Fashion and IP, Part One: Copyright

As New York Fashion Week comes to a close, it seems appropriate to discuss how intellectual-property intersects with the fashion industry.  Fashion is one of the trickier areas when it comes to intellectual property protection, especially copyright. If you launch a fashion brand, IP knowledge is definitely something you might want up your sleeve (pun 100% intended).

There are really four main areas of IP that warrant discussion when looking at protecting your fashion-industry brand: copyright, trade dress, trademark, and design patent. This is part of a series that breaks down the areas of intellectual property that fashion brands should think through.

Fashion and Copyright: The Law

Copyright law offers protection in connection with creative works, including "pictorial, graphic, or sculptural" works (think: paintings, photographs, etc.). A fashion design, though, is protectable under copyright law only under limited circumstances. Specifically, "only to the extent that [it] incorporates pictorial, graphic, or sculptural features that can be identified separately from, and are capable of existing independently of, the utilitarian aspects."

Say what?

In a nutshell, if a design has a practical use, and you can't separate that practical use from the design, it's not protectable under U.S. law. Courts continue to see clothing as having a very specific functional use: to cover us up and protect us from the elements. Thus, a design for an article of clothing or piece of jewelry by itself is unlikely to pass the test. The apparel itself is considered to be a functional thing.

Fashion and Copyright: Exceptions to the General Rule

There are some exceptions, of course. Certain things might qualify for copyright protection. The design of a particular clasp, if it can be removed from the article of clothing or jewelry, might qualify. Likewise, original patterns, prints, or photographs, to the extent those thing appear on different apparel, could also qualify.  In fact, in this case, the court considered whether it was proper for a designer belt buckle to enjoy protection under U.S. copyright law. The verdict? "[S]culptured designs cast in precious metals--decorative in nature and used as jewelry" qualified as creative articles whose function was separable from its artistic features.
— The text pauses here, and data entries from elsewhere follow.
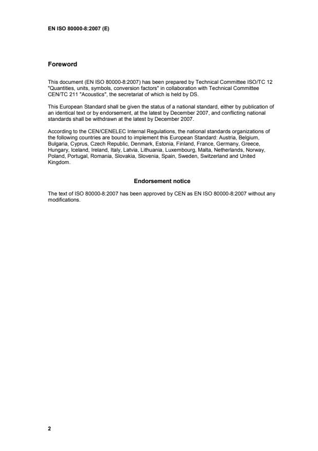 The text of ISO 80000-8:2007 has been approved by CEN as EN ISO 80000-8:2007 without any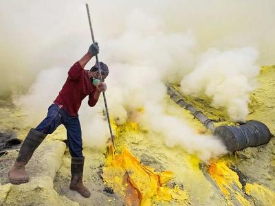 सल्फरची खाण : इंडोनेशियातील प्रसिद्ध नोकरींपैकी एक; सल्फरमुळे फुफ्फुस निकामी होते. तसेच श्वासनलिकेला जखमा होण्याचा धोका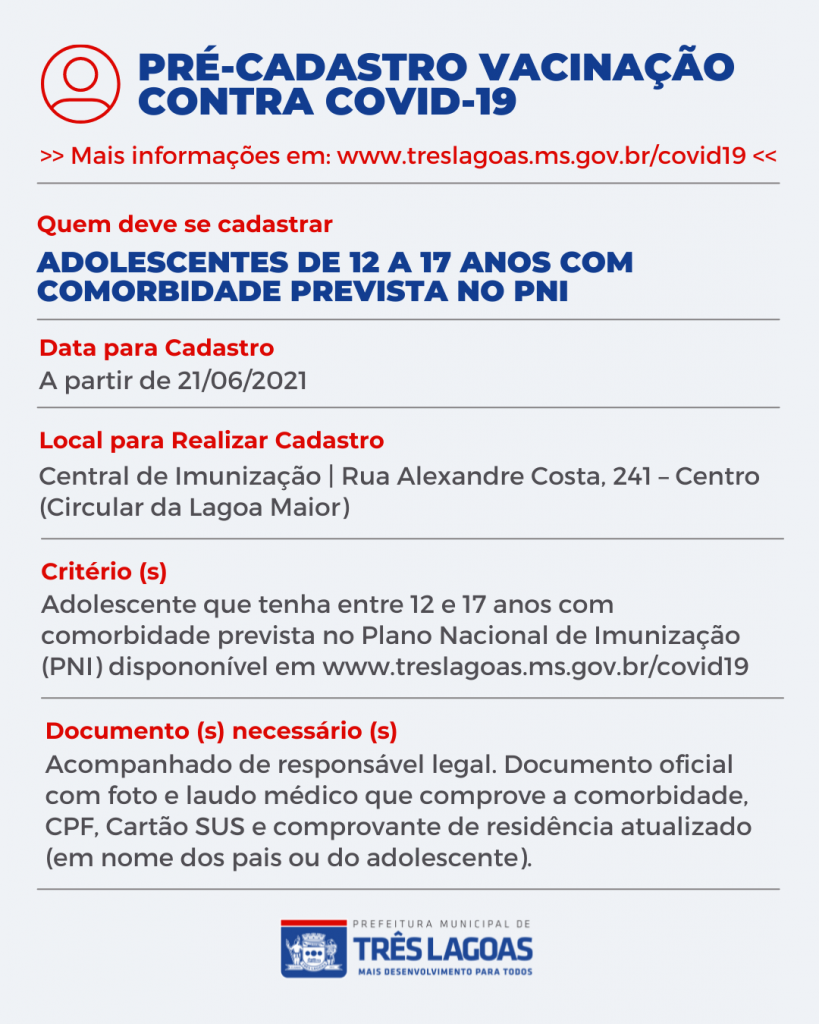 Para esse cadastro, os que se enquadram devem comparecer, acompanhados de responsável legal, na Central de Imunização que funciona no prédio da Biblioteca Municipal Rosário Congro localizado a Rua Alexandre Costa, 241 – Centro (Circular da Lagoa Maior) a partir de segunda-feira (21) portando documento oficial com foto e laudo médico que comprove a comorbidade prevista no PNI, CPF, Cartão SUS e comprovante de residência atualizado (em nome dos pais, caso não tiver no nome do adolescente).

The Point: Though U.S. law rarely allows for protection of fashion designs, it is possible under certain limited circumstances. Still, the fashion industry has been lobbying Congress to amend current copyright laws to mirror those in Europe. (Their laws allow for protection of apparel designs). Perhaps one day, Congress will make that change -- though efforts by the U.S. fashion industry have been unsuccessful thus far.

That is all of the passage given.